Data.
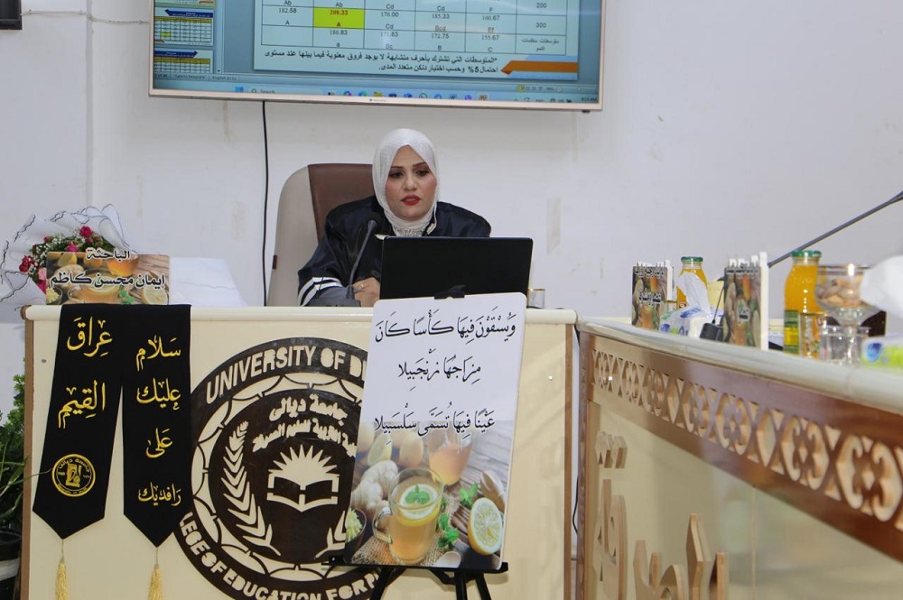 ناقشت أطروحة دكتوراه في كلية التربية للعلوم الصرفة بجامعة ديالى ، دور منظمات النمو النباتية في محتوى الزنجبيل من بعض المركبات الفعالة وأثرها على البكتريا المرضية.
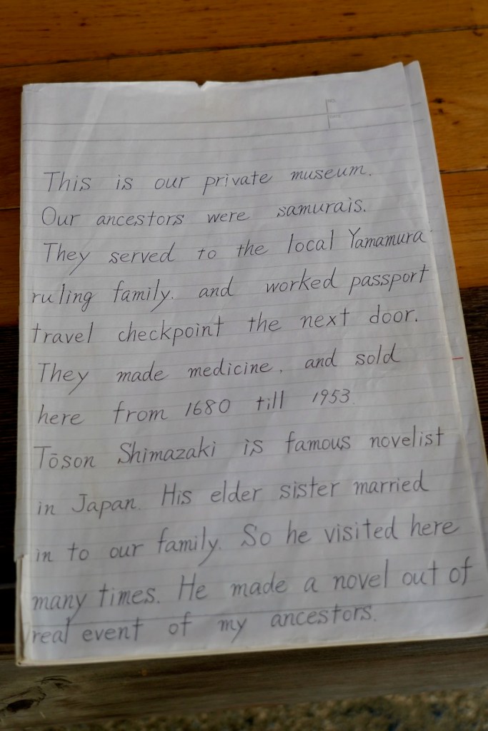 A few doors along from the checkpoint we noticed a private museum in what appeared to be a fairly unattractive concrete building. We weren’t quite sure what it was about, but we decided to go into the front courtyard. Across on the other side of the courtyard, we could see a typical Japanese wooden home. Mystery packages are sometimes the best! What we had walked into was the original Samurai home of a leading Samurai family in Kiso Fukushima – and Kaoru Kumagai, the woman who came out into the front courtyard to greet us, is a direct descendant. These are the wonderful personal encounters that I treasure the most in Japan.
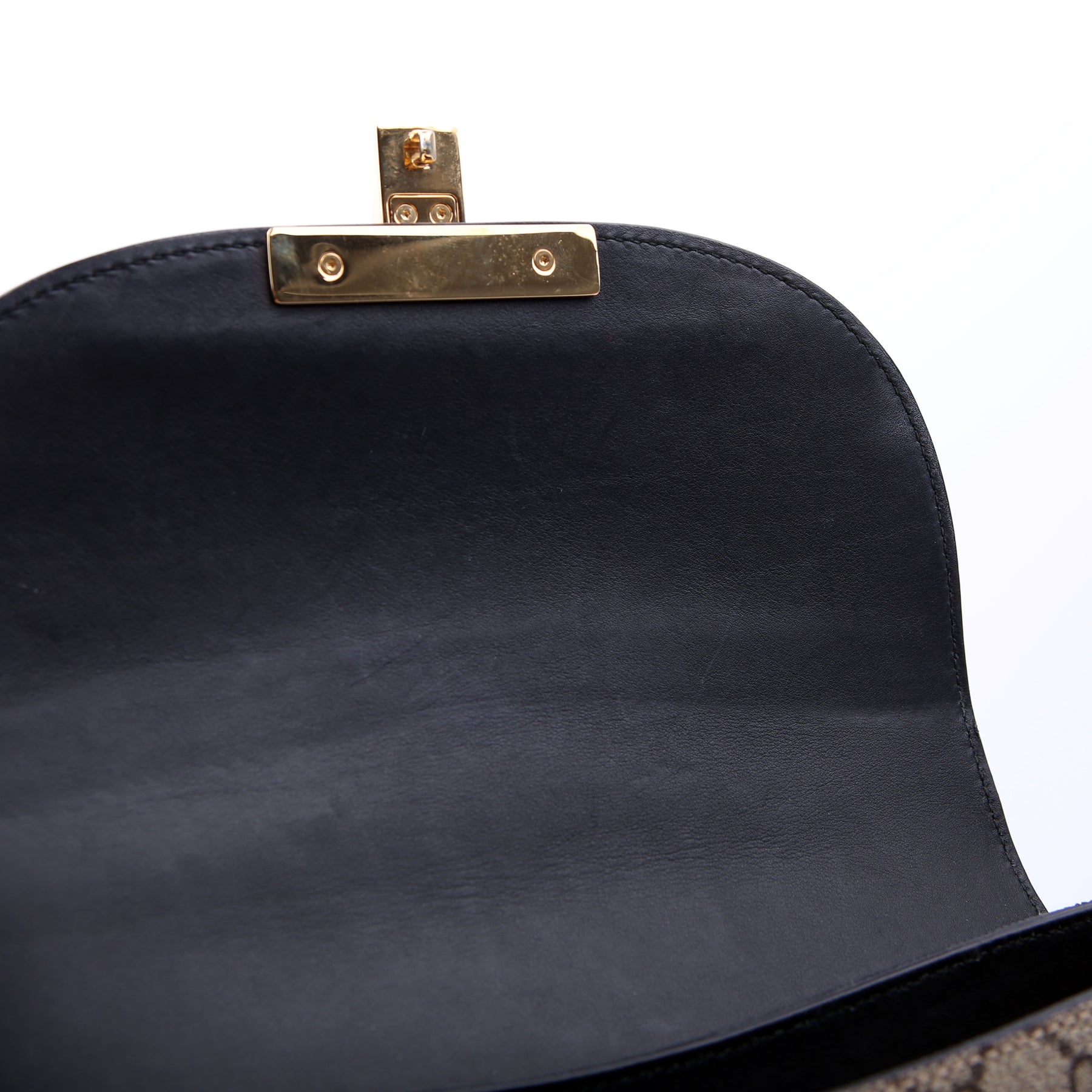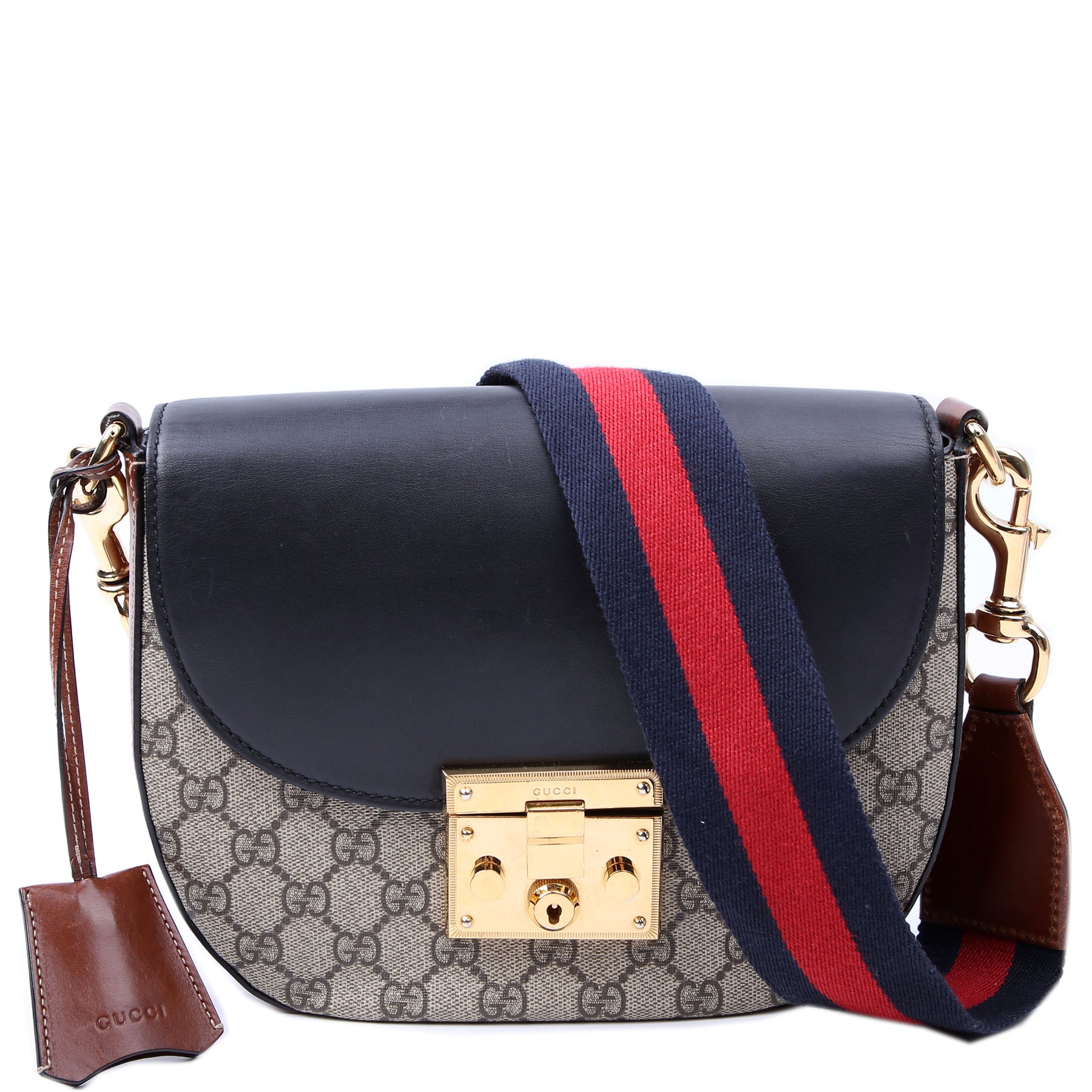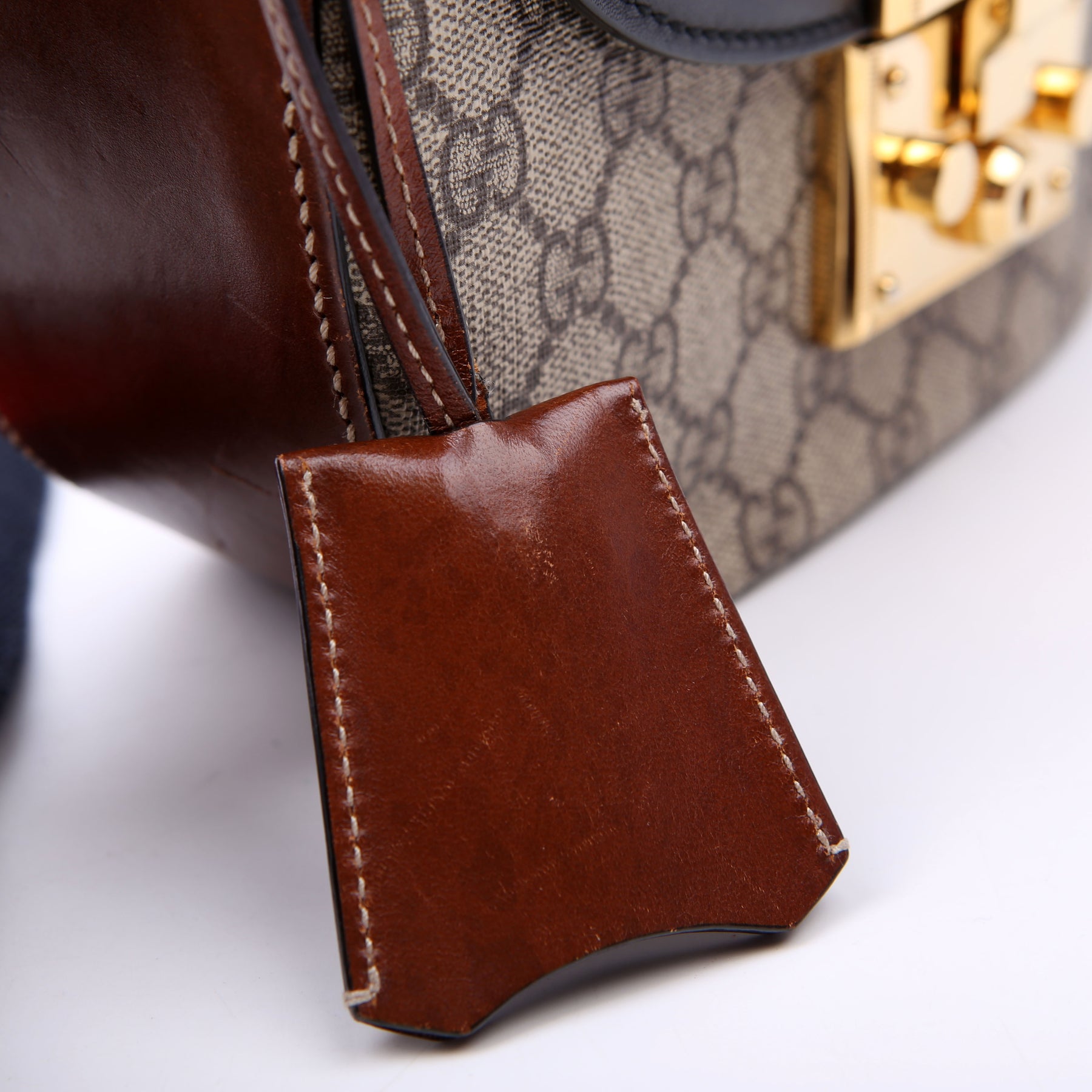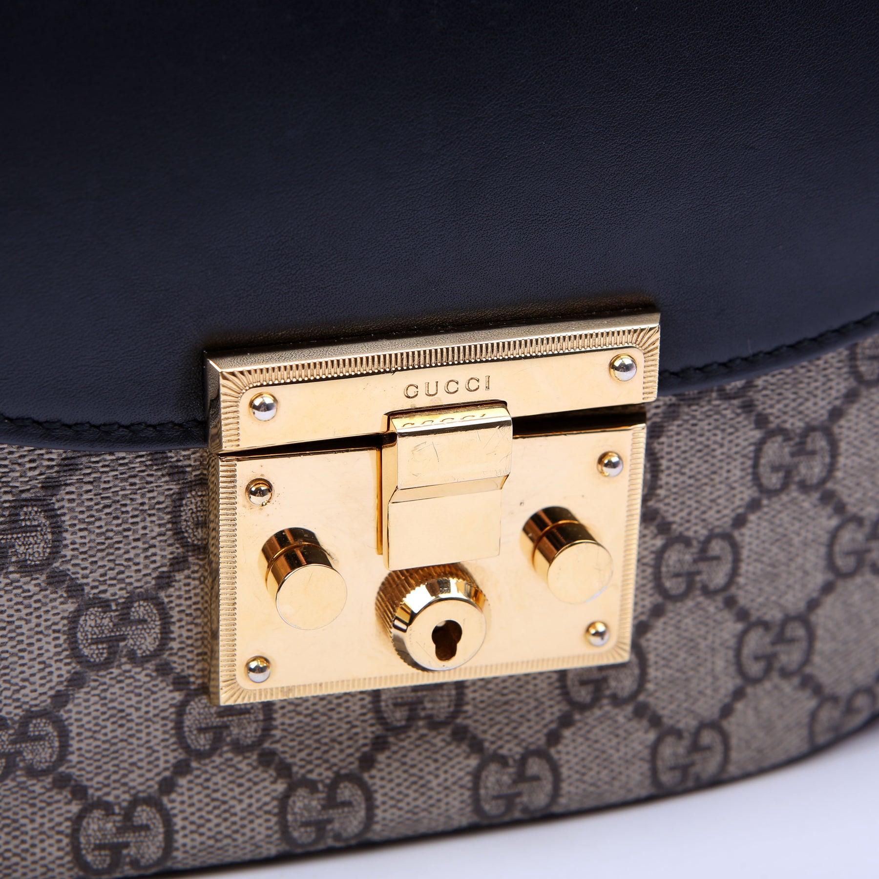This pre-owned Gucci Padlock Supreme Medium Messenger is guaranteed 100% authentic. The exterior is in the Supreme canvas.
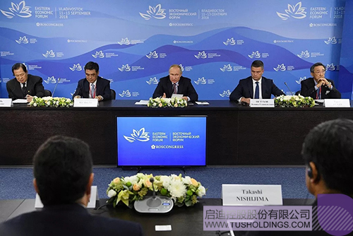 9月11日,俄羅斯第四屆東方經(jīng)濟論壇在遠東城市符拉迪沃斯托克舉辦。當日下午,由論壇主辦方邀請的中外企業(yè)家代表參加了與普京總統(tǒng)的座談會。王濟武董事長應邀出席,并與其他五位中外企業(yè)家在座談會上發(fā)言。
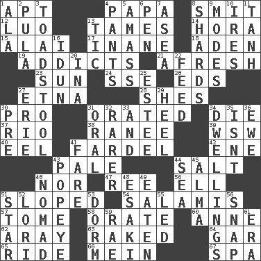 ACROSS 1. Fitting 4. Dad 8. Stricken, poetically 12. Nilotic language 13. Corrects by punishment or discipline 14. Israeli folk dance 15. Mountain range southwest of Kyrgyzstan 17. Empty; void 18. An important port of Yemen 19. Inveterate users 21. Anew 23. Player for Phoenix 24. Compass dir. 26. Begley and Asner 27. Inactive volcano in Sicily 28. "______ My Girl" (Turtles hit) 30. Adept person 31. Declaimed 34. Pass on 37. _ de Janeiro 38. The wife of a rajah (variant) 39. Compass dir. 40. Snakelike fish 41. Pack 42. Compass dir. 43. Light colored 44. Table seasoning 46. Not either 47. To separate or throw off 50. Pipe bend 51. Inclined 54. Deli grouping 57. Heavy book 58. Declaim 60. Singer Murray 62. Like ___ of sunshine 63. Swept the length of 64. Slender fish 65. Travel on an animal 66. Count _ (2 wds.) 67. Health resort DOWN 1. Chicken ___ king 2. Monetary unit of Botswana 3. Inedible or poisonous agaric 4. Leg coverings 5. Collect or gather 6. Writing instrument 7. At sea 8. Broken pieces 9. Methods 10. Angers 11. Hyperbolic tangent 13. Nervous spasm 16. Goddess of spring and wife of Bragi 20. _ tizzy (2 wds.) 22. Nourish 25. First name in cosmetics 27. 4th largest of the Great Lakes 29. The bottom of a shoe or boot 30. Before (prefix) 31. Of the mouth 32. Less widely known 33. Added to 34. Homes 35. Is not 36. She-sheep 41. Conductor's collection 43. Wimpy's pal 44. Ocean 45. _ mater 46. Wanderer 48. 1973 Nobel Price Winner (Physics) Leo 49. Ingested 51. Play the lead 52. Australian parrot (variant) 53. Dormintory (informal) 55. Directed 56. Fastener 59. Actress Charlotte 61. Epoch
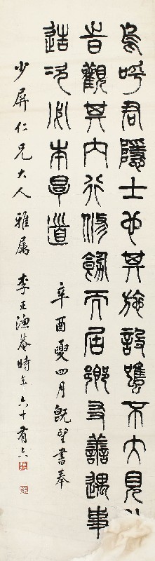 款识:辛酉夏四月既望书奉少屏仁兄大人雅嘱,李正渔庵时年六十有六。
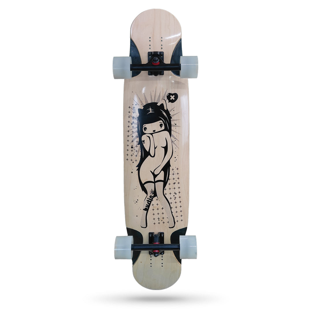 The Bustin Shrike Yann blends street-art aesthetics with precision downhill engineering, creating a prebuilt longboard that is as visually striking as it is performance-driven. Known for its versatility, the Shrike offers the stability and stiffness of a high-performance deck built for downhill and freeride, while remaining accessible for everyday riding.
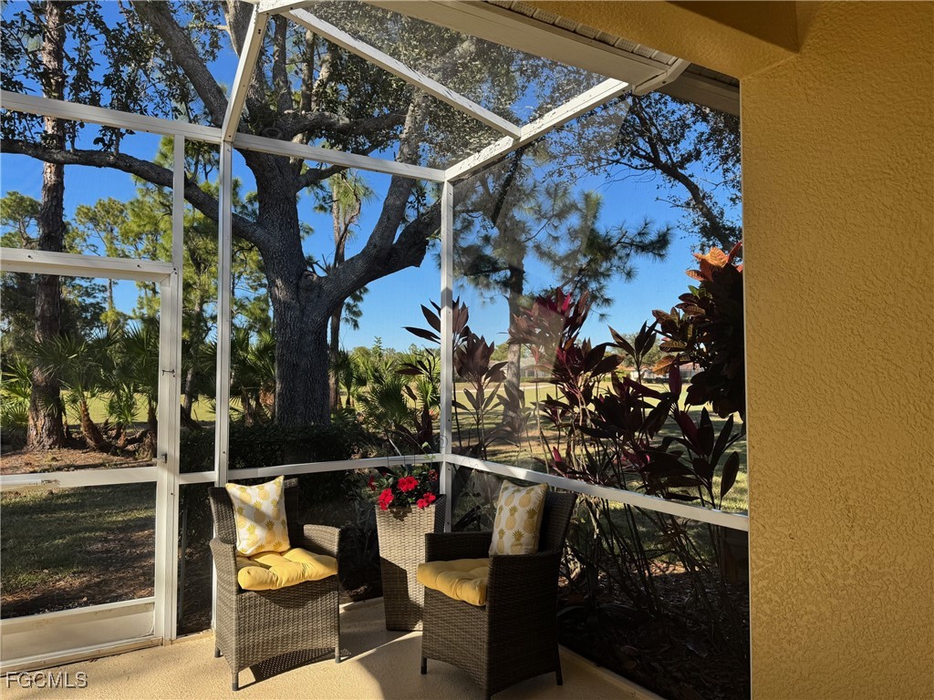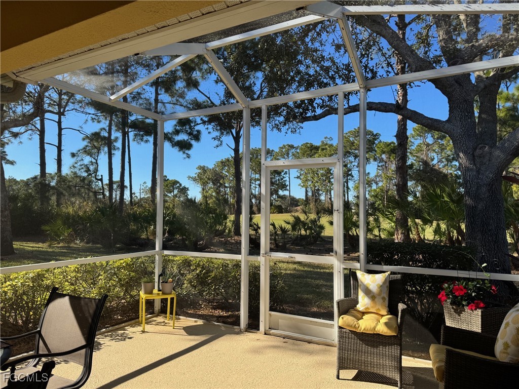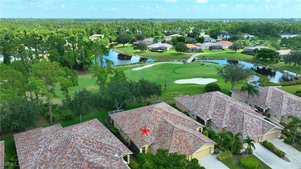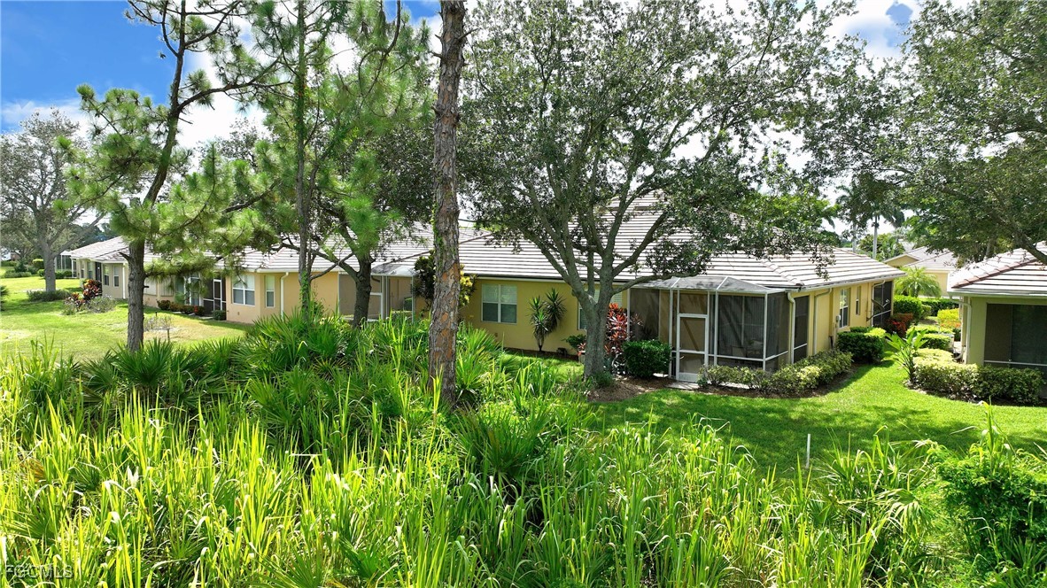 Is this what you have been waiting for? A beautifully furnished villa that is move in ready! 2 bedroom/2bath with a den. This opportunity is being offered turnkey, it could be your seasonal retreat or full-time home. This villa has so much to offer, inside is light and bright with plantation shutters, an extended screened back lanai to enjoy watching the golfers at the 15th hole, drinking your morning coffee, or socializing with friends in the evening. Kitchen features stainless steel appliances, tile backsplash, and 42” cabinets. Located withing a 24-hour attended gate community with a public golf course, restaurant, and bar on site. Geothermally heated community pool and spa, pickleball, tennis, basketball, exercise room community room, billiards, and ping pong. Very active, all age community with many opportunities for socializing and meeting your neighbors, from Food Truck nights with resident DJ’s, children’s events, fundraisers, car shows, Veteran’s Day recognition, Memorial Day ceremonies, community parties, golf cart parades, trunk or treat, etc. Easy access to the airports and beaches, shopping and dining with low HOA fees and County taxes only. FLOOD ZONE X, no flood insurance required. So grab your golf clubs, pickleball equipment and toothbrush!

What is expected. In the records above, find the line with "款识:辛酉夏四月既望书奉少屏仁兄大人雅嘱,李正渔庵时年六十有六。" and the line with "The Bustin Shrike", then restate word for word only those two lines and all lines between, omitting pictures.

Answer area.
 款识:辛酉夏四月既望书奉少屏仁兄大人雅嘱,李正渔庵时年六十有六。
 The Bustin Shrike Yann blends street-art aesthetics with precision downhill engineering, creating a prebuilt longboard that is as visually striking as it is performance-driven. Known for its versatility, the Shrike offers the stability and stiffness of a high-performance deck built for downhill and freeride, while remaining accessible for everyday riding.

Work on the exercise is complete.